Hamilton pride hitting the right notes?

Andrew Terefenko
July 3, 2014
This article was published more than 2 years ago.
Est. Reading Time: 3 minutes

Happy Pride, Hamilton! You’ve probably seen colourful posters all around the city that read “We Are Here,” and this month in Hamilton, that’s truer than ever. With some 40 or so events that ran on local partnerships and a zero dollar budget, this year’s Pride itinerary was arguably the most diverse and inclusive than it’s ever been.

Events ranged from the annual Pride flag raising, a dinner for newcomers and people of colour, to a panel discussion on the (in)visibility of disability. All in all, Hamilton Pride and everyone involved, including co-chairs Poe Liberado and Paul Hawkins, local businesses, and countless volunteers, have accomplished something that is no small feat, but humbling nonetheless as it recognized and created spaces for LGBTQ+ people from all walks of life.

At their surface, many Pride festivities in North America are heavily centered on white gay men, rather than the entire LGBTQ+ acronym. Of course, it goes without saying that for gay communities to be able to exist without any repercussions is extremely important, and we have come such a long way from the Stonewall Riots that started this movement 45 years ago considering we’re able to take our pride to the streets.

The importance of all that is completely unchallenged, and I personally love Pride celebrations, but what becomes of people who exist in the sidelines of an already marginalized community? For me and many that I have spoken to, attending events at Hamilton Pride served as a reminder that people have a multitude of intersecting identities, including their race, gender, age, ability, sexuality, class, and/or religion. Not only do these multidimensional identities need to be recognized, we need to accordingly re-evaluate how our events, initiatives, and spaces are beneficial to some, but also how they are harmful and isolating to others. The festivities evoked thoughtful conversations on anything and everything, including how Pride bar-culture excludes people with alcohol addiction, how Pride marches forget people with disability, or how white-dominance creates racist environments for LGBTQ+ people of colour. This is precisely why we need to also look at the bigger picture rather than ourselves as individuals, and sometimes just listen when someone tells us that our actions are hurting them and their community. Listen to the voices of people who have been here longer than us, or face oppression of a variety that we never have. Until we recognize that, it is impossible to understand each other’s struggles, our determination and achievements, the root of so many ideas and how we can unify through them. One of the most dangerous things is to forget the people who make it possible for us to simply exist today. We need to remember the history of where our communities have come from to understand where we are now.

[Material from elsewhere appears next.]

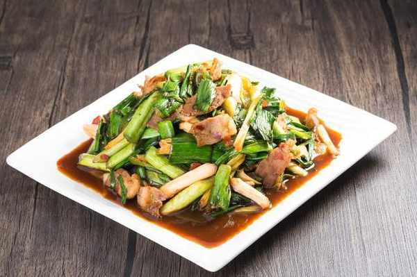 所需食材: 猪肉片适量 蒜苗适量 蒜末适量 盐适量 油适量
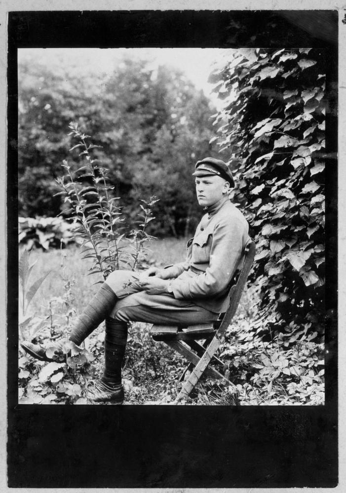 Latvijas armijas kareivis. Portrets dabā.

These are not my ideas. There are all things many before me have said and raised concerns over countless times in the past. These are things that people from marginalized communities, including my own, that aren’t recognized until they’re voiced by someone with power. Pride festivals are fantastic because after so many years of oppression, we can finally celebrate who we are. But we mustn’t forget that being able to fill the streets with rainbows and glitter does not mean that the struggles of all LGBTQ+ people are over. As a minority, Hamilton Pride was able to evoke a sense of community that is integral to being seen for your entire self, whether you are genderqueer and poor, a transwoman with autism, or Pakistani and pansexual.

The festivities this year remind us that Pride is and should be so much more than parties, rainbows, loud sound systems, and an astronomical budget. It is a way to remember where we have come from, but not forget where we still have to go.